The beverage industry scored a defining victory in its battle against soda taxes this week as California lawmakers voted to bar future local taxes on sugary drinks.
The state had been a hotbed for the soda-tax movement, having passed laws designed to slash soda drinking in four jurisdictions. But under the fast-moving ban introduced June 23 and signed into law five days later, no new food or beverage taxes can be passed in the state until 2031 at the earliest.
The law represents a significant, if long-anticipated, shift among the nation’s soda makers, who have previously fought taxes, city by city, and expended millions of dollars in the process. Soda companies say the statewide bans more efficiently protect jobs and businesses that could be hurt by local tax laws.
But public-health advocates argue the state preemptions undermine the will and health of voters, pointing out that similar tactics have been embraced by tobacco companies and fast-food chains to fend off everything from cigarette taxes to menu labels.
Now backers of the soda tax movement are searching for other options in California — and bracing for similar fights across the country.
“There’s a fear that as California goes, so goes the nation,” said Sabrina Adler, a senior staff attorney at ChangeLab Solutions, which develops public-health policies. “This could be the beginning of further preemption in other states.”
Advocates say the tactical shift from soda makers was not unexpected, but the speed of the California ban caught many by surprise. California has long been seen as the vanguard of the soda-tax movement, which seeks to slash consumption of sugary drinks while raising revenue for local governments.

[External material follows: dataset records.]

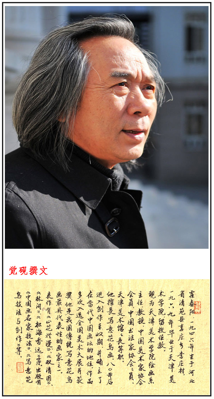 霍春阳。1946年出生于河北省清苑县李庄乡李庄村,1969年毕业于天津美术学院并留校任教至今。历任天津美术学院中国画系系主任、教授、硕士研究生导师。现任天津美术学院美术馆馆长、天津美术家协会副主席、中国美术家协会会员、中国书法家协会会员、美国内森大学特聘教授、博士生导师、大中华学区专家委员会委员、天津画院院外画师、天津青年美协顾问、荣获天津高校名师称号。现任清华大学美术学院、天津音乐学院、山西师范大学、山西大学、烟台大学等高校客座教授、担任北京大学国学社专家顾问。天津市第九届、第十届政协委员。
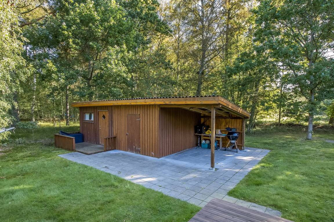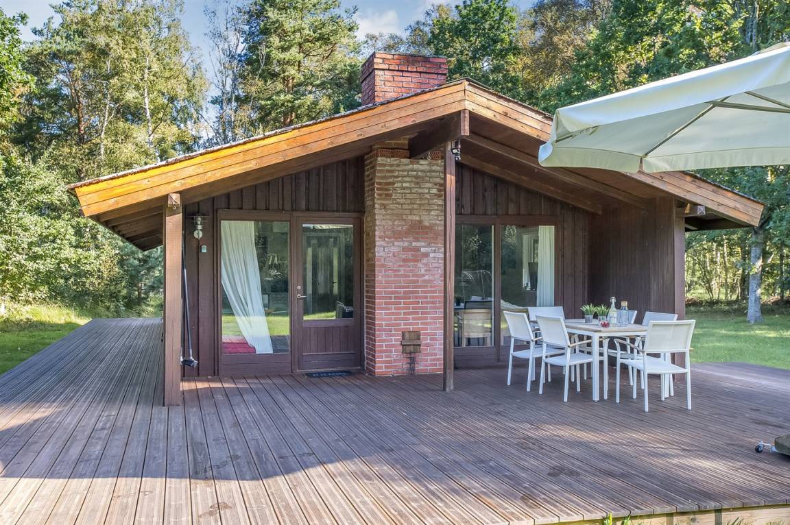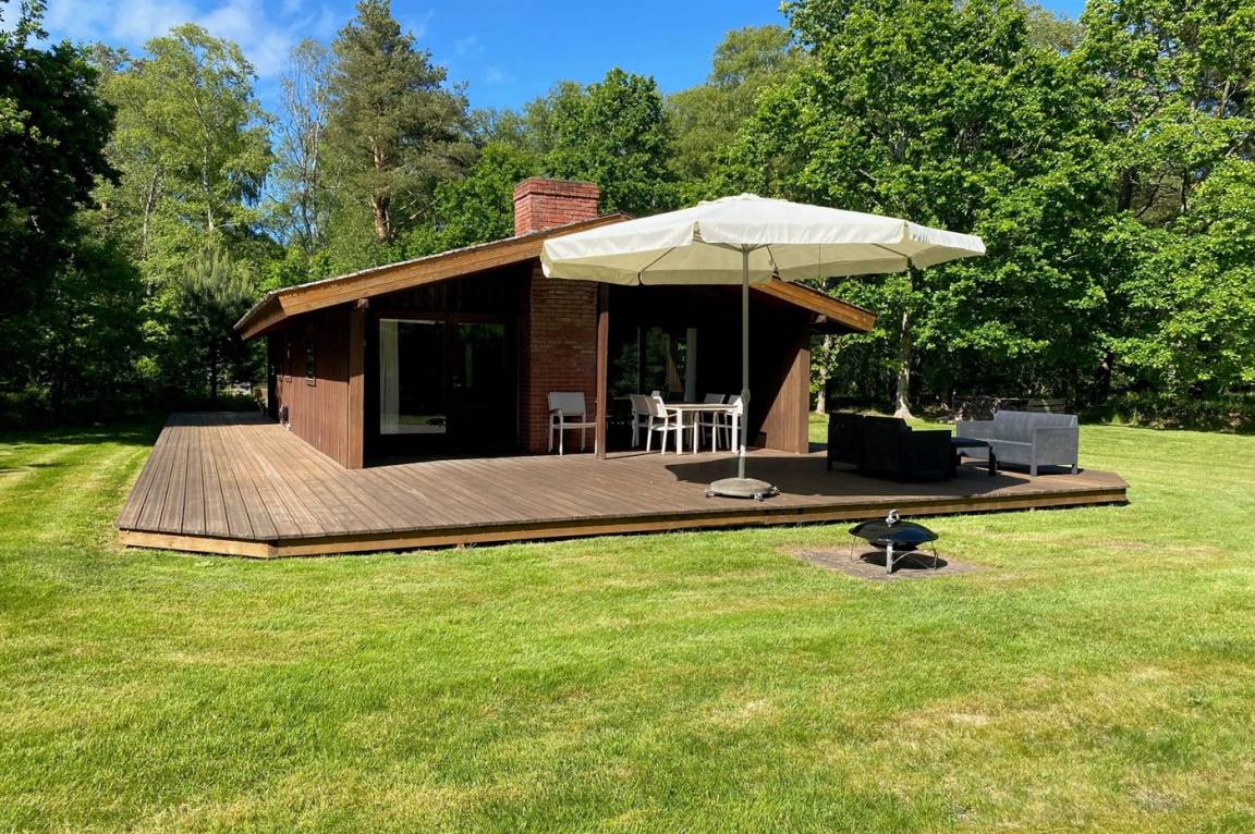 DraußenDie Ferienunterkunft liegt auf einem 5000 m² großen Naturgrundstück. Die Entfernung zum Meer beträgt 5000 m. Die nächste Einkaufsmöglichkeit liegt 1500 m entfernt. In einem Abstand von 6000 m gibt es einen Golfplatz. Es steht ein offenes Terrassenareal zur Verfügung. Außerdem gibt es überdachte Terrasse. Geräteraum.Lagerfeuerstelle.An Sommerabenden sorgt der Außenkamin für eine gemütliche Atmosphäre. Es steht ein Grill zur Verfügung. Parkplatz auf dem Grundstück.
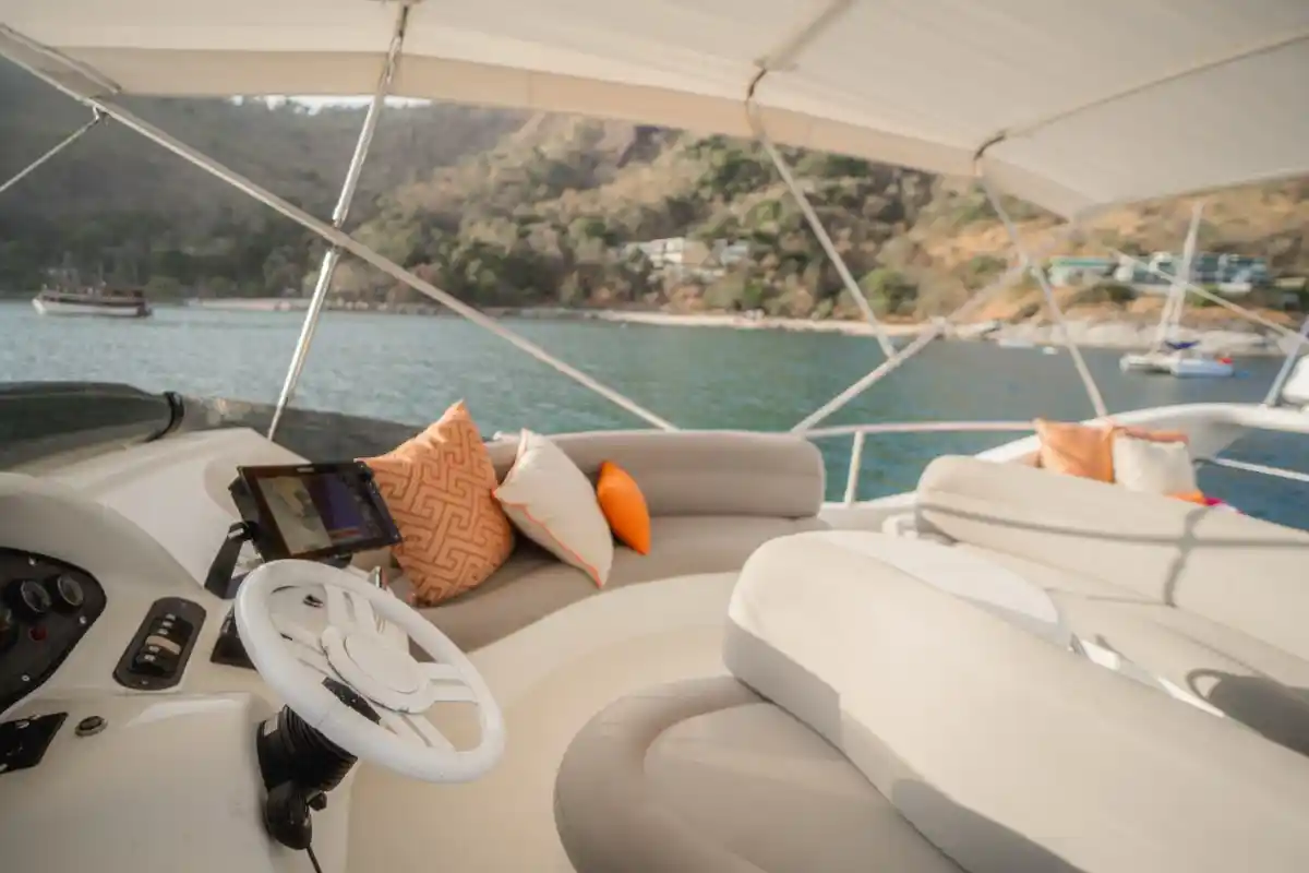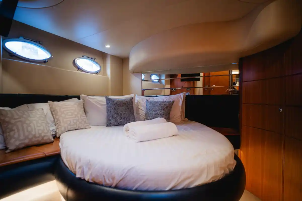 Enjoy spacious outdoor seating, a flybridge with panoramic views, and a cozy interior with two cabins for up to 4 overnight guests. An optional floating pool adds extra fun and safety at anchor — ideal for families or relaxed swim stops.
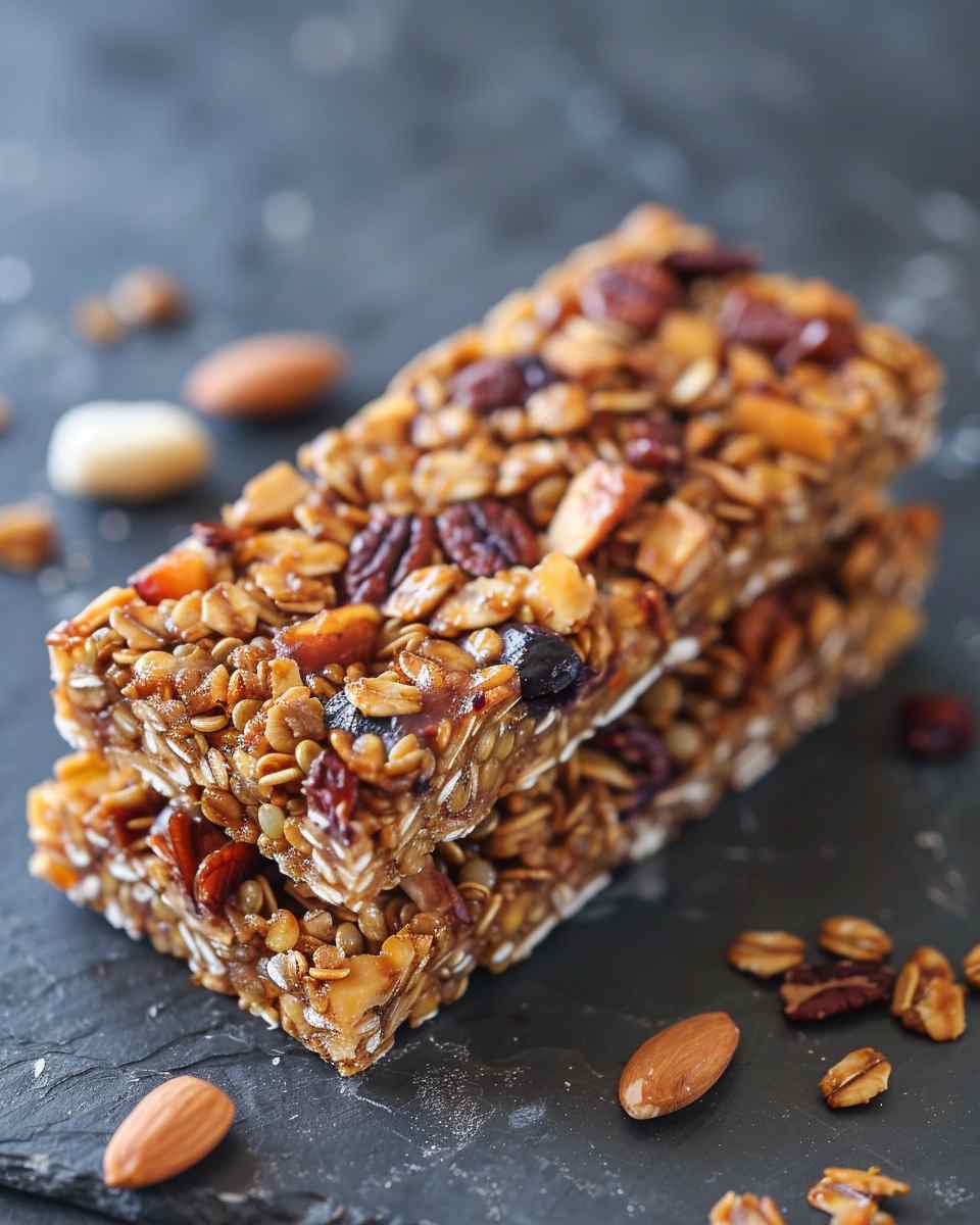 Wholesome and chewy granola bars made with quinoa, oats, and a hint of salt, offering a perfect balance of sweet and crunchy textures.

Soda is one of the primary sources of calories and added sugars in the American diet, and cities that have passed taxes — such as Berkeley, Calif., which became the first in 2014 — have seen consumption fall. According to the American Heart Association, eight cities now have soda taxes on the books, four of them in California, and a number of other cities in the state were readying ballot measures.

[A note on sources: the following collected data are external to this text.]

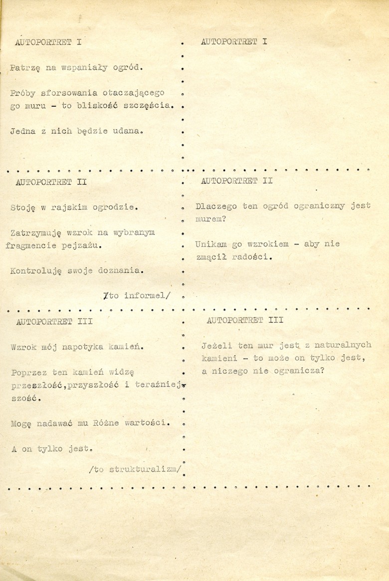 Tekst Włodzimierza Borowskiego dotyczący pracy „Est-etyka. Autoportrety.”, Dłusko, luty 1977, relARTacje
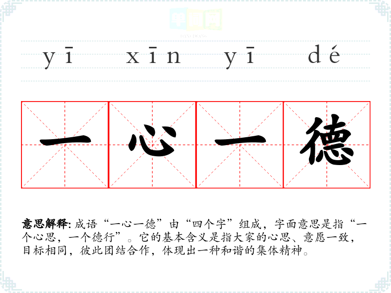 成语“一心一德”由“四个字”组成,字面意思是指“一个心思,一个德行”。它的基本含义是指大家的心思、意愿一致,目标相同,彼此团结合作,体现出一种和谐的集体精神。
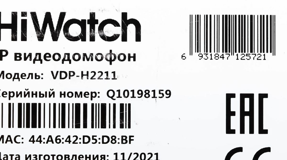 | Руководство пользователя | HiWatch VDP-H2211 |
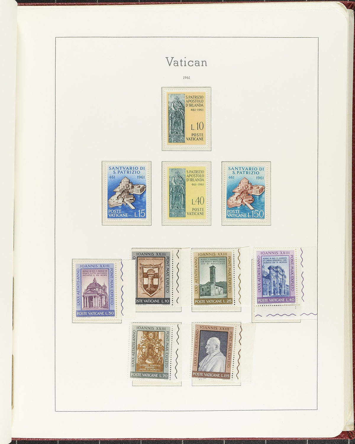 Attractive old-style Lighthouse hingeless album, with pages from the beginning (1929) up to 1983. While the mint stamps are a bit sparse in beginning section, sets start to appear during the WWII period, with 1954-1983 being largely complete. A spot check showed mostly Never Hinged, especially in the latter portion. A nice chance to get a solid "foot in the door" mint collection, in a premium album. Estimate =
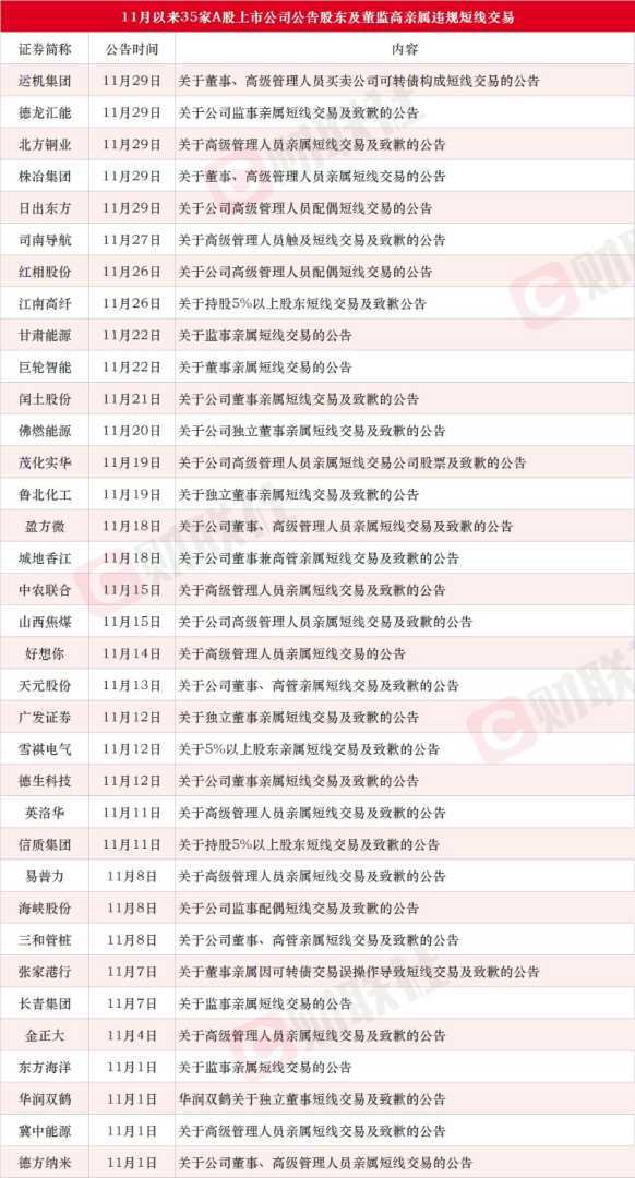 11月以来,A股市场多家上市公司公告其股东及董监高亲属涉嫌违规短线交易,涉及35家公司,其中27家实现盈利,股价表现强劲。
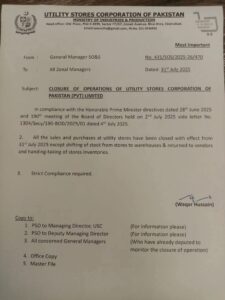 اسلام آباد:(وحید عباسی ) وفاقی حکومت نے ملک بھر کے تمام یوٹیلیٹی اسٹورز کو بند کرنے کا باضابطہ نوٹیفکیشن جاری کر دیا ہے۔ 31 جولائی 2025 سے ان اسٹورز پر ہر قسم کی خرید و فروخت بند کر دی گئی ہے، تاہم اسٹورز سے گوداموں میں موجودہ اسٹاک کی منتقلی، دکانداروں کو اشیاء کی واپسی اور اسٹورز کی انوینٹری کا حوالگی عمل تاحال جاری رہے گا۔
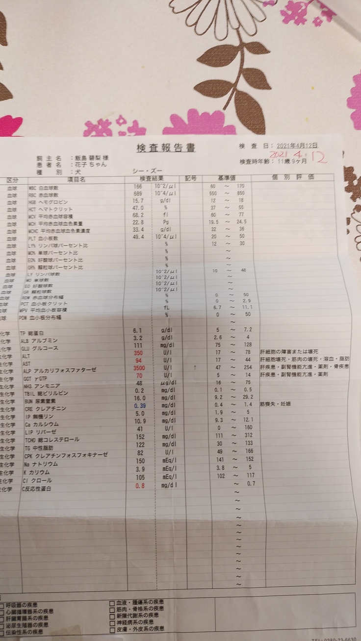 これまでの病院での花子の検査経緯もありますが、ただ現在、アジソン病という難病がわかりました。

But while California’s existing taxes will remain in place under this week’s ban, others in the pipeline can no longer proceed. That will protect consumers and retailers from unexpected price hikes, argues the American Beverage Association, the trade group for soda companies.
Stores in other cities that passed soda taxes have faced sharp sales declines, risking jobs, the ABA has said. The group has also argued that soda taxes disproportionately affect low-income shoppers, who spend a larger portion of their income on food and beverages.
“Our aim is to help working families by preventing unfair increases to their grocery bills,” said William Dermody, the ABA’s vice president of policy, in a statement. “At the same time, we’re working with the public health community and government officials to help Californians reduce sugar consumption in ways that don’t cost jobs or hurt the small businesses that are so important to local communities.”
But such choices should be left to local communities, argues Carter Headrick, the director of state and local obesity policy at the American Heart Association, which fought the ban. Cities and towns are in the best position to judge whether a tax will improve health and raise revenue in their jurisdiction, he said, and the experience of most cities has been positive. Only two states, Michigan and Arizona, have previously passed this sort of preemptive ban, and in neither state were any cities actively pursuing taxes.
Critics have also taken issue with the way the ban was introduced. After lobbying hard for another, far more sweeping tax measure, the ABA and other business groups agreed to the soda tax ban as part of a last-minute deal with state lawmakers and unions.
Many lawmakers — including Assembly Speaker Anthony Rendon (D) — described the ban as a means of killing that ballot initiative, which would have made it far more difficult for cities and counties to pass taxes on anything, let alone soda.
“We’re disappointed with the vote, and we’re disappointed with the governor signing the bill,” Headrick said. “But we’re especially disappointed that ABA resorted to putting up a blackmail ballot measure and using it to force a preemption law through the legislature.”
Some advocates see a silver lining in this escalation, however. Jilted California cities may now be more open to other anti-soda measures, such as warning labels and children’s meal restrictions, Adler said. There is also hope that lawmakers, many of whom have said in statements that they felt forced to approve the ban, will now support a statewide soda tax — which is not prohibited by this legislation.
And outside of California, advocates will continue pushing hard for city and county soda taxes, said Margo Wootan, the vice president for nutrition at the Center for Science in the Public Interest. Public health advocates are no strangers to preemption laws like California’s, Wootan added, or to similar bans now pending in Pennsylvania, Oregon and Washington.
The strategy is closely associated with tobacco companies, who used it to stall cigarette taxes and bans on smoking in public spaces. More recently, Wootan has clashed with restaurant groups who sought to ban menu labeling at the state level.
Today, she points out, such bans are moot: In early May, the Food and Drug Administration began requiring all chain restaurants to post calorie counts, after years of pressure from health groups.
“We are used to working on these issues for decades,” Wootan said. “The industry’s hope is that this becomes a significant roadblock to the soda-tax movement. But this is a temporary win for them.”